Panel pitches regulating how tech firms use data
TECH OVERSIGHT A proposed non-personal data authority may oversee how information is shared while ensuring privacy protection
NEW DELHI: A government-appointed panel, headed by former Infosys Ltd vice chairman Kris Gopalakrishnan, has called for a new law to regulate the sharing, commercial use and privacy of non-personal information.
The nine-member panel suggested appointing a regulator to oversee how such data is shared for sovereign, welfare, regulatory and competition uses, with a mandate to ensure that individual privacy is protected and the legitimacy of a request to seek data is strictly evaluated.
The committee has sought feedback from interested parties by August 13.

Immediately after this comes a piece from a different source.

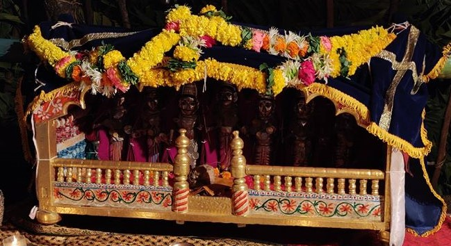 गावाच्या देवाची साने वर बसलेली पालखी

“The non-personal data authority should be tasked with enabling legitimate sharing requests and requirements, and with regulating and supervising corresponding data sharing arrangements involving data businesses, data trustees and data trusts,” the draft report of the panel said.
Recognising the need to use data to provide a level-playing field for new companies, the panel said that global tech giants such as Google, Uber and Amazon, collect user data and mine content to make better decisions, giving them an advantage.

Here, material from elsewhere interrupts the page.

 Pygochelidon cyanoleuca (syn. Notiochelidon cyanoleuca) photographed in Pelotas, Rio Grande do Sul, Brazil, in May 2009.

“A combination of a firstmover advantage for these large data-driven platforms and businesses, with the sizable network effect and enormous data that they have collected over the years, has left many new entrants and start-ups being squeezed and faced with significant entry barriers, the draft report said. “This may be the right time to set out rules to regulate the data ecosystem (which includes data collection, analysis, sharing, distribution of gains, destruction etc.) to provide certainty for existing businesses and provide incentives for new business creation, as well as to release enormous untapped social and public value from data.”
Prasanto K Roy, a policy expert, said that while competitive barriers need to be removed to spur innovation, a sweeping law that forces companies to share data could hurt more companies than just the internet giants.
“It would hurt new startups seeking funding, because investors would hesitate to invest in building up customer data as it may have to be shared with competitors,” Roy said.
Non-personal data is information that cannot identify a person and can be details such as weather conditions, data from sensors and public infrastructure.